Discussion:
[Gluster-users] Wrong volume size for distributed dispersed volume on 4.1.5
j***@mail.de
2018-10-16 12:50:33 UTC
Permalink
Hi everybody,

I have created a distributed dispersed volume on 4.1.5 under centos7 like this a few days ago:

gluster volume create data_vol1 disperse-data 4 redundancy 2 transport tcp \
\
gf-p-d-01.isec.foobar.com:/bricks/brick1/brick \
gf-p-d-03.isec.foobar.com:/bricks/brick1/brick \
gf-p-d-04.isec.foobar.com:/bricks/brick1/brick \
gf-p-k-01.isec.foobar.com:/bricks/brick1/brick \
gf-p-k-03.isec.foobar.com:/bricks/brick1/brick \
gf-p-k-04.isec.foobar.com:/bricks/brick1/brick \
\
gf-p-d-01.isec.foobar.com:/bricks/brick2/brick \
gf-p-d-03.isec.foobar.com:/bricks/brick2/brick \
gf-p-d-04.isec.foobar.com:/bricks/brick2/brick \
gf-p-k-01.isec.foobar.com:/bricks/brick2/brick \
gf-p-k-03.isec.foobar.com:/bricks/brick2/brick \
gf-p-k-04.isec.foobar.com:/bricks/brick2/brick \
\
... same for brick3 to brick9...
\
gf-p-d-01.isec.foobar.com:/bricks/brick10/brick \
gf-p-d-03.isec.foobar.com:/bricks/brick10/brick \
gf-p-d-04.isec.foobar.com:/bricks/brick10/brick \
gf-p-k-01.isec.foobar.com:/bricks/brick10/brick \
gf-p-k-03.isec.foobar.com:/bricks/brick10/brick \
gf-p-k-04.isec.foobar.com:/bricks/brick10/brick

This worked nicely and resulted in the following filesystem:
[***@gf-p-d-01 ~]# df -h /data/
Dateisystem Größe Benutzt Verf. Verw% Eingehängt auf
gf-p-d-01.isec.foobar.com:/data_vol1 219T 2,2T 217T 2% /data

Each of the bricks resides on its own 6TB disk with 1 big partition formated with xfs.
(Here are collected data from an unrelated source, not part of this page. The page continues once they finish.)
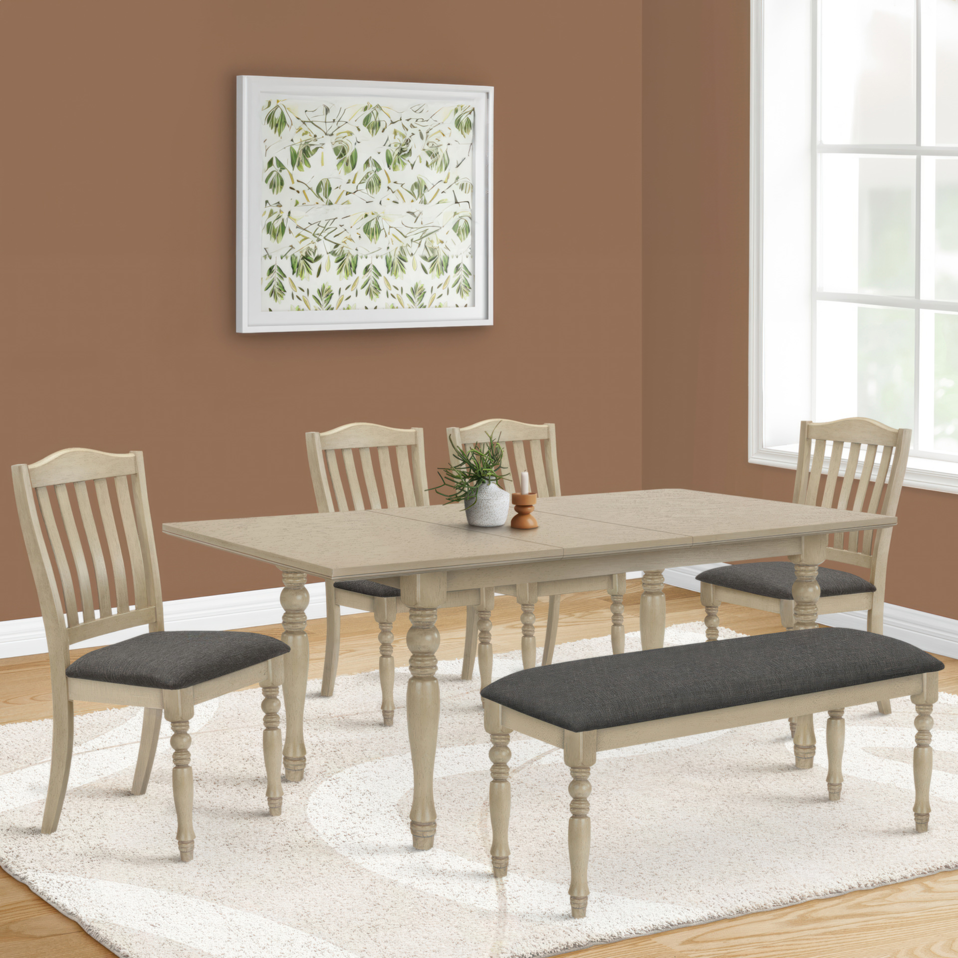 Transformez votre salle à manger en un espace élégant et fonctionnel avec cette magnifique table à manger en placage gris antique. Pouvant accommoder confortablement plusieurs personnes, cette table à la mode comprend un panneau d'extension de 18 pouces, ce qui vous donne beaucoup d'espace pour asseoir votre famille et vos amis.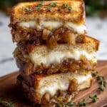 This Pear & Apple Grilled Cheese with Caramelized Onions is a delightful twist on a classic sandwich, combining sweet and savory flavors with melted sharp cheddar cheese, tender caramelized onions, and thinly sliced fresh pear and apple, all grilled to golden perfection on sourdough bread.
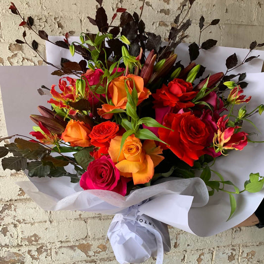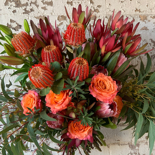 • Introducing the "Eora Sunset Natives + Rose Bouquet" by FlowersonNortonSt, a vibrant floral display that showcases burnt orange roses, red protea, and assorted greenery against a textured white brick wall. This stunning arrangement combines colorful blooms with lush foliage, featuring native wildflowers for an elegant and charming effect.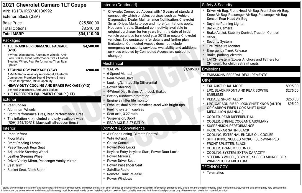Camaro 1LT, 2D Coupe, 3.6L V6 DI, 6-Speed Manual, RWD, Black, Jet Black Cloth, 6-Speaker Audio System Feature, 6-Way Power Front Passenger Seat Adjuster, 8-Way Power Driver Seat Adjuster, Alloy wheels, Black Front Splitter, Bluetooth® For Phone, Bose Premium 9-Speaker Audio System Feature, Brembo 4-Piston Front Performance Brakes, Exterior Parking Camera Rear, External Engine Oil Cooler, Extra Capacity Cooling System, Front Bucket Seats, Front Sport Bucket Seats, Heavy-Duty Cooling & Brake Package, Performance Suspension, Preferred Equipment Group 1LT, Radio: Chevrolet Infotainment 3 Plus System, Rear Differential Cooler, Satin Black Hood Wrap, Satin Black Rear Blade Spoiler, SiriusXM w/360L, Sueded Flat-Bottom 3-Spoke Steering Wheel, Sueded Microfiber-Wrapped Shift Knob, Technology Package, Transmission Oil Cooler, V6 1LE Track Performance Package, Wheels: 20 x 8.5 Fr & 20 x 9.5 Rr Forged Alum.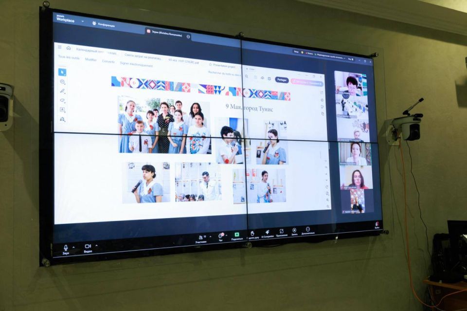 В ходе телемоста участники из разных стран поделились своими проектами. Президент Тунисско-Российской ТПП Христина Романенко рассказала о двух проектах, которые уже были реализованы в Тунисе. Это проект о героях Великой Отечественной и конкурс детских рисунков, посвященный юбилею Победы: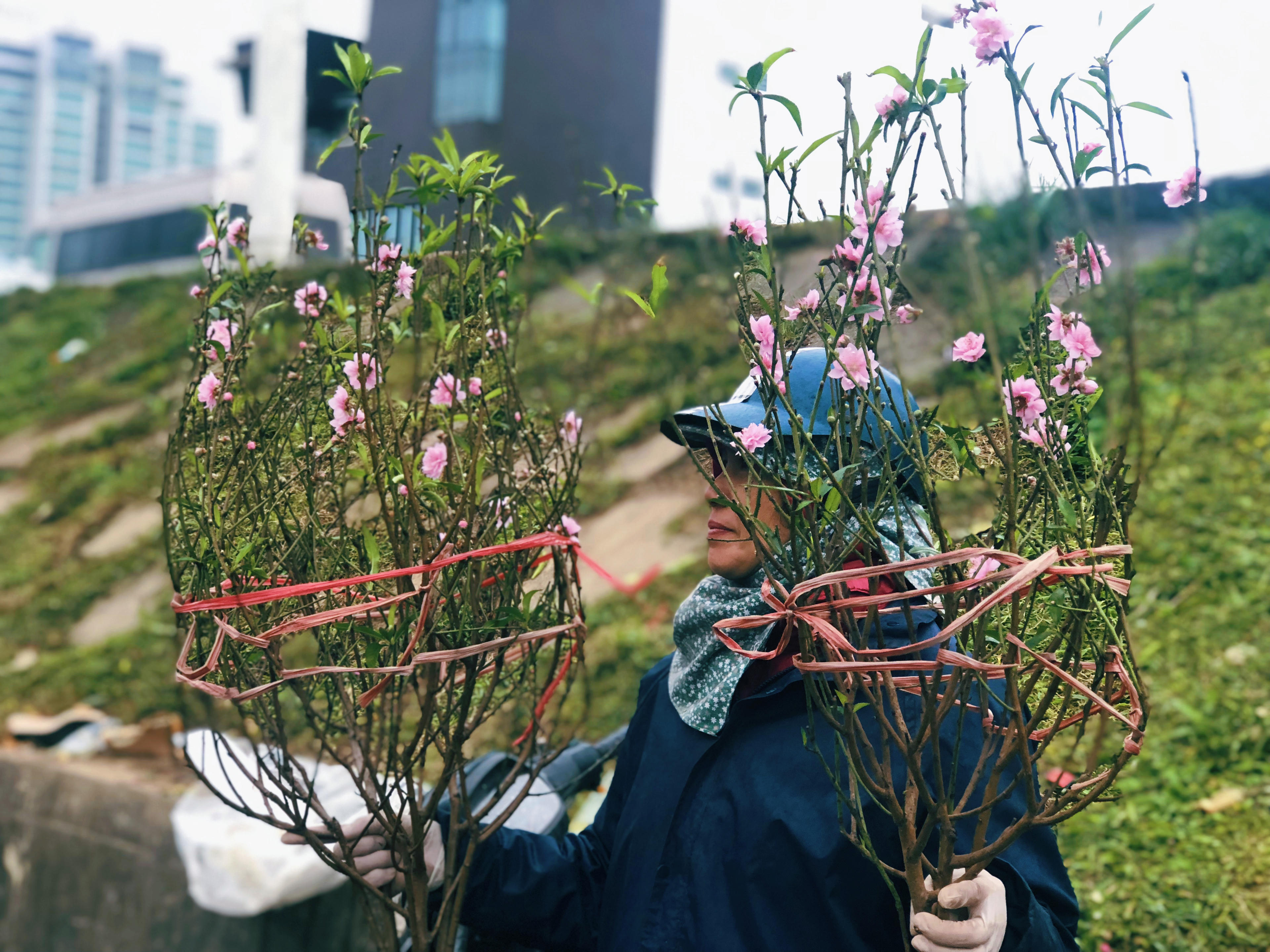 Người xa quê khi trở về cũng mang theo một cành đào như để mang về quê nhà một chút không khí của mùa xuân Hà Nội.

Yesterday a colleague looked at the filesystem and found some space missing...
[***@gf-p-d-01 ~]# df -h /data/
Filesystem Size Used Avail Use% Mounted on
gf-p-d-01.isec.foobar.com:/data_vol1 22T 272G 22T 2% /data

Some googling brought the following bug report against 3.4 which looks familiar:

https://bugzilla.redhat.com/show_bug.cgi?id=1541830

So we did a quick grep shared-brick-count /var/lib/glusterd/vols/data_vol1/* on all boxes and found that on 5 out of 6 boxes this was shared-brick-count=0 for all bricks on remote boxes and 1 for local bricks.
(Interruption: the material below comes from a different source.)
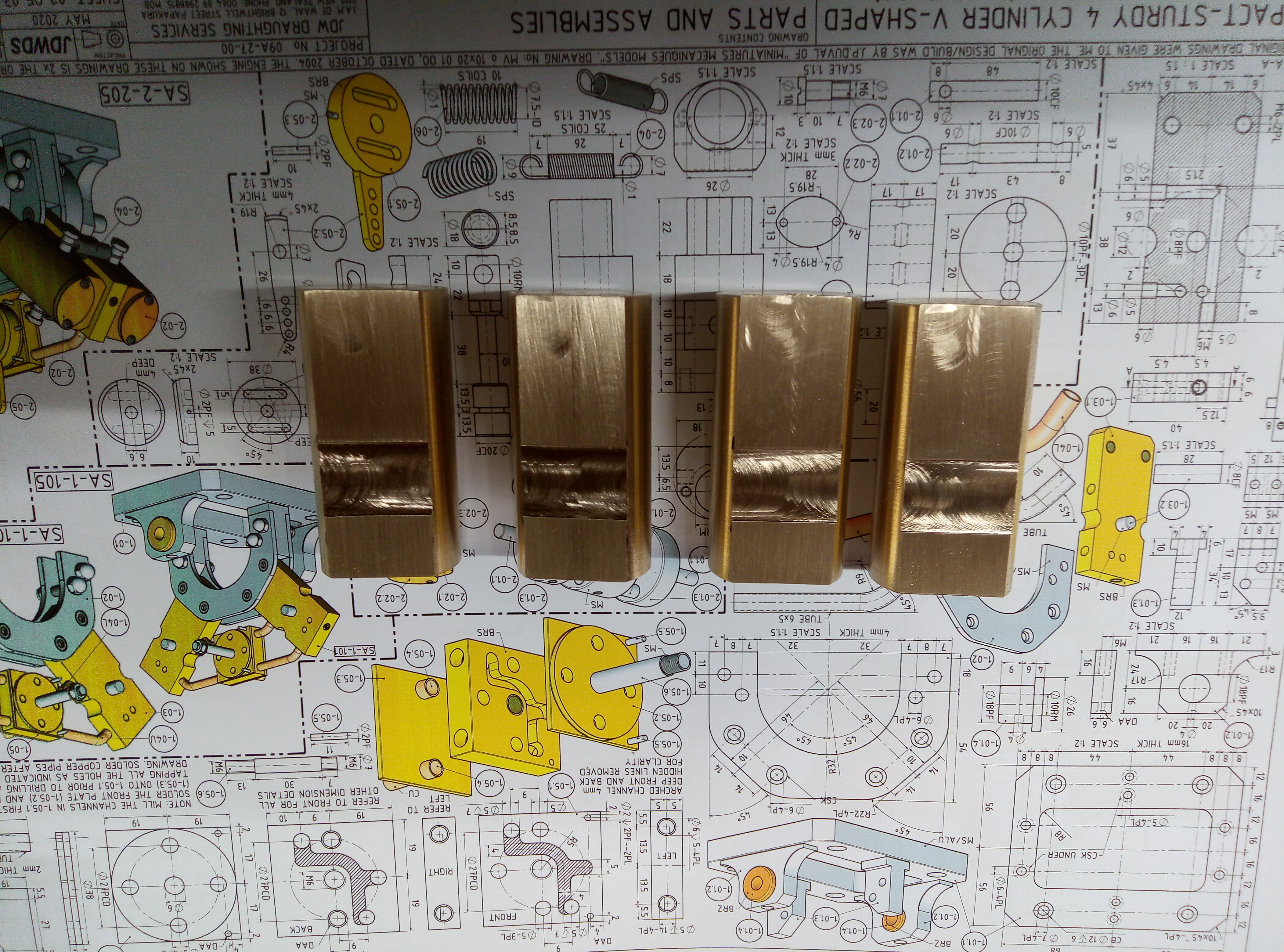 J'ai commencé la fabrication d'une machine V4 à cylindres oscillants simple effet de 13cc. Le plan est un dérivé agrandit du MV10x20 de JP Duval (devenu 13x26). Les pistons raccourcis sont modifiés par des coupelles téflon, j'ai ajouté un guidage du bas des tiges. L' inversion se fera par un tiroir cylidrique à la place du rotatif. (Le plan J. DeWaal est une machine 20x40)

Is this the expected result or should we have all 1 everywhere (as the quick fix script from the case sets it)?

Also on one box (the one where we created the volume from, btw) we have shared-brick-count=0 for all remote bricks and 10 for the local bricks.
Is it possible that the bug from 3.4 still exists in 4.1.5 and should we try the filter script which sets shared-brick-count=1 for all bricks?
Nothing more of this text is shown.